Transcribe every line below exactly; no image goes into the output.

[Records from a collection]
*** Block opens ***
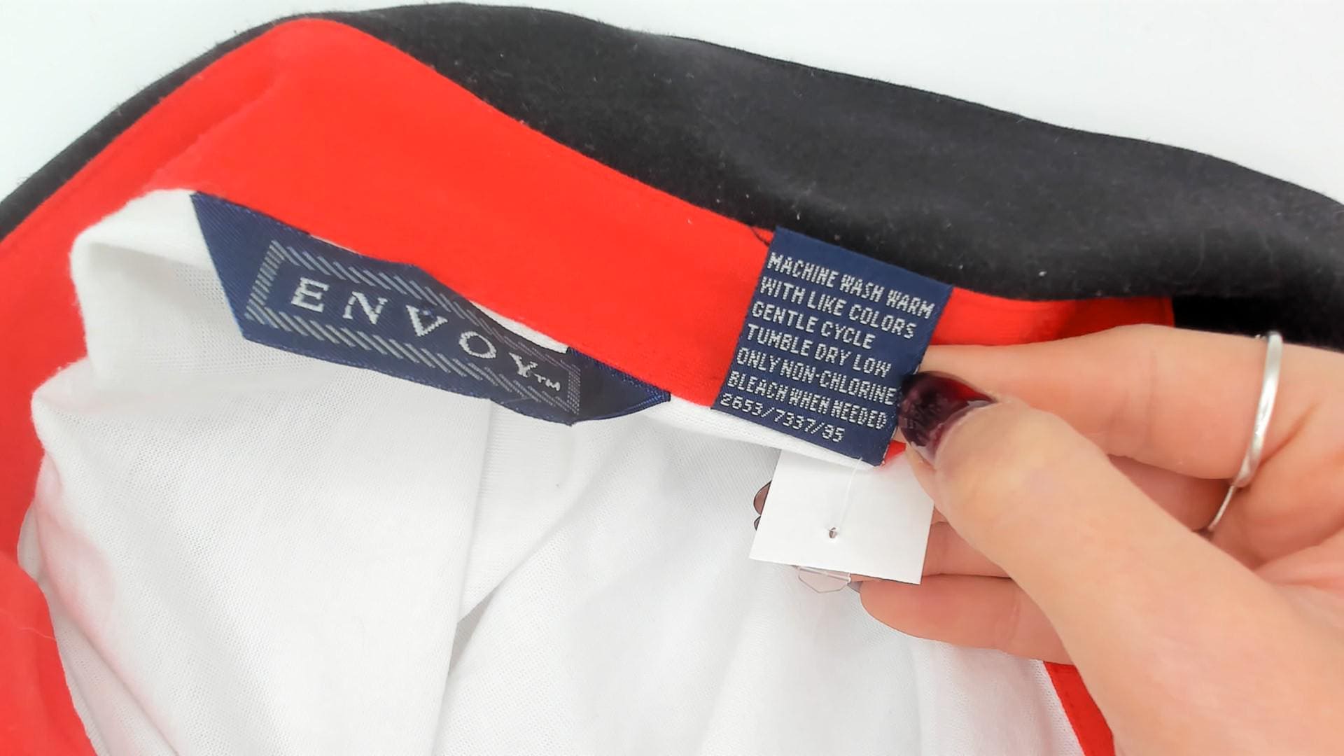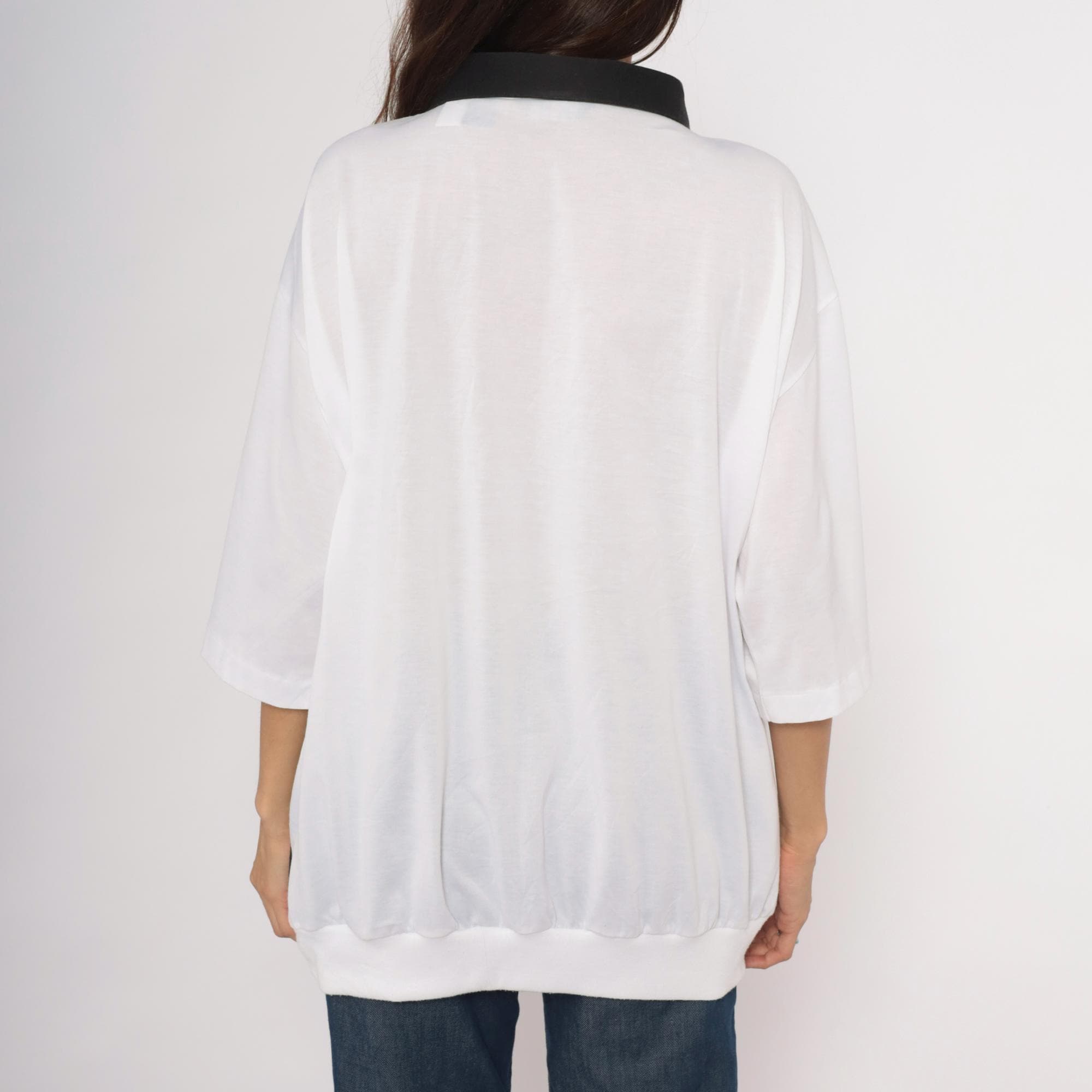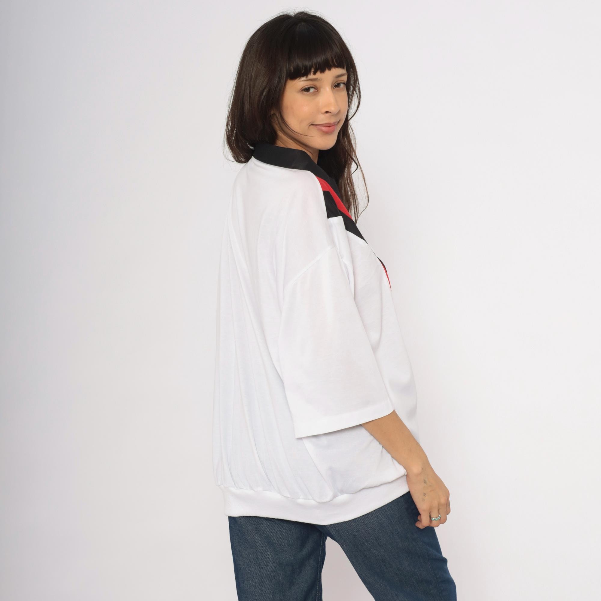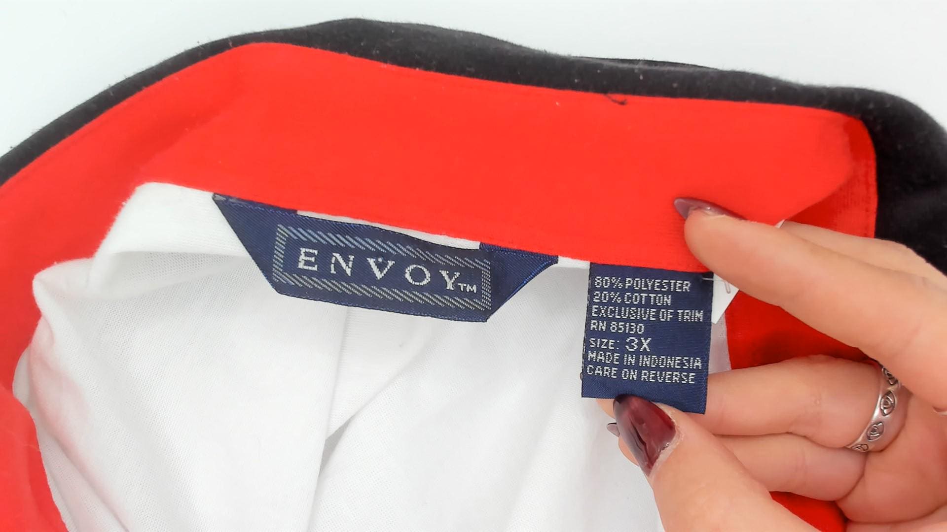 80s color block polo shirt from Envoy with a black pointed collar and partial button placket. White, black, and red chevron V-shaped pattern across the front, with a plain white back. Three-quarter length sleeves, banded hem, and a small chest pocket on the left side. The back of the collar shows red contrast lining.
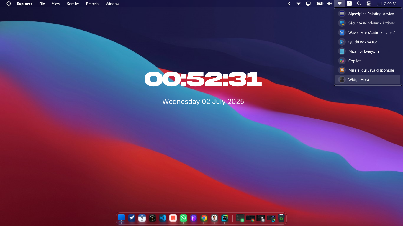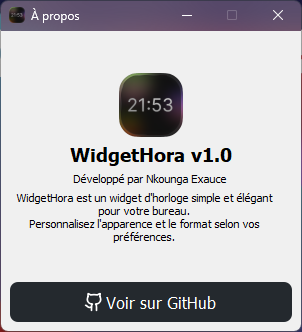 WidgetHora est un widget d’horloge personnalisable pour Windows, développé en Python avec PyQt5.
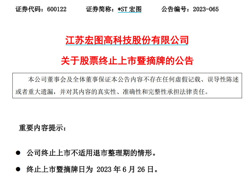 *ST宏圖公告稱,2023年4月26日至5月26日,*ST宏圖連續(xù)20個交易日的每日收盤價均低于1元,上述情形觸及終止上市,上交所決定終止公司股票上市,將在6月26日對公司股票予以摘牌。
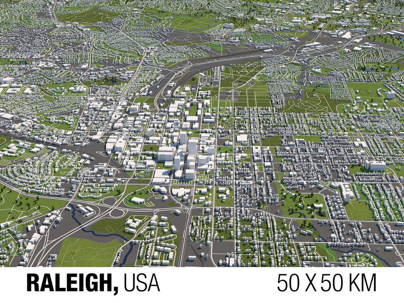 Raleigh 50x50km 3D City Map 3D model
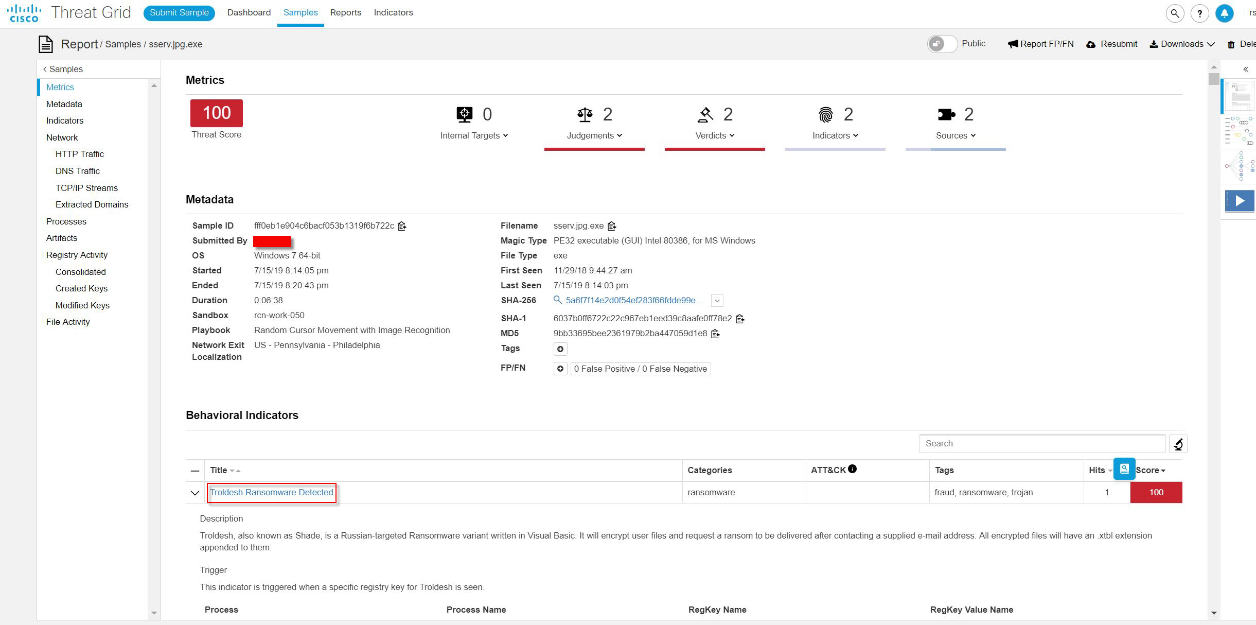 The supposed .JPG file was assigned a Threat Score of 100 for the Behavior of Troldesh Ransomware Detected. Troldesh, also known as Shade, is a Russian-targeted Ransomware variant written in Visual Basic. It will encrypt user files and request a ransom to be delivered after contacting a supplied e-mail address. All encrypted files will have an .xtbl extension appended to them.
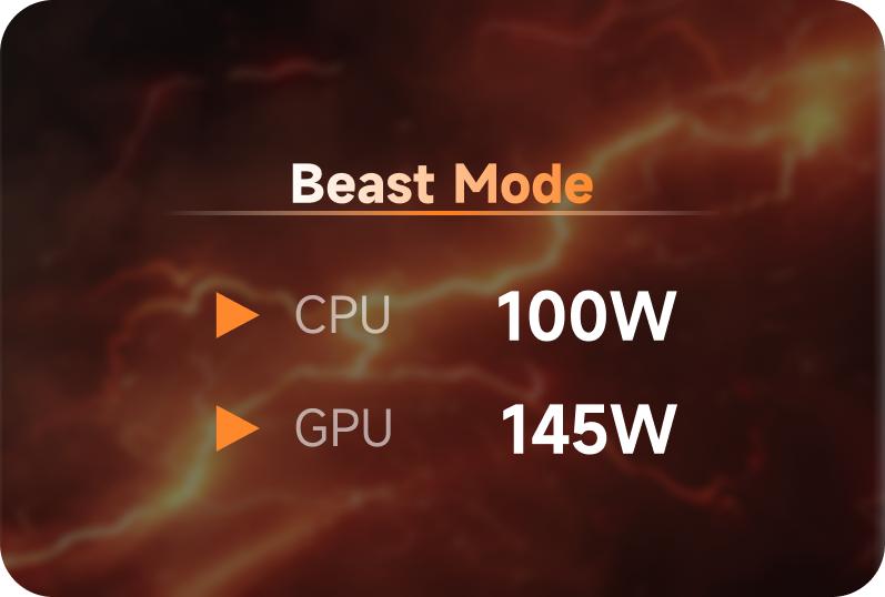 The GPU sustains 145W while the CPU can push up to 100W, delivering a brutal total of 245W of performance that rivals high-end gaming laptops.
*** Block closes ***
**Response to the exercise:**
 80s color block polo shirt from Envoy with a black pointed collar and partial button placket. White, black, and red chevron V-shaped pattern across the front, with a plain white back. Three-quarter length sleeves, banded hem, and a small chest pocket on the left side. The back of the collar shows red contrast lining.
 WidgetHora est un widget d’horloge personnalisable pour Windows, développé en Python avec PyQt5.
 *ST宏圖公告稱,2023年4月26日至5月26日,*ST宏圖連續(xù)20個交易日的每日收盤價均低于1元,上述情形觸及終止上市,上交所決定終止公司股票上市,將在6月26日對公司股票予以摘牌。
 Raleigh 50x50km 3D City Map 3D model
 The supposed .JPG file was assigned a Threat Score of 100 for the Behavior of Troldesh Ransomware Detected. Troldesh, also known as Shade, is a Russian-targeted Ransomware variant written in Visual Basic. It will encrypt user files and request a ransom to be delivered after contacting a supplied e-mail address. All encrypted files will have an .xtbl extension appended to them.
 The GPU sustains 145W while the CPU can push up to 100W, delivering a brutal total of 245W of performance that rivals high-end gaming laptops.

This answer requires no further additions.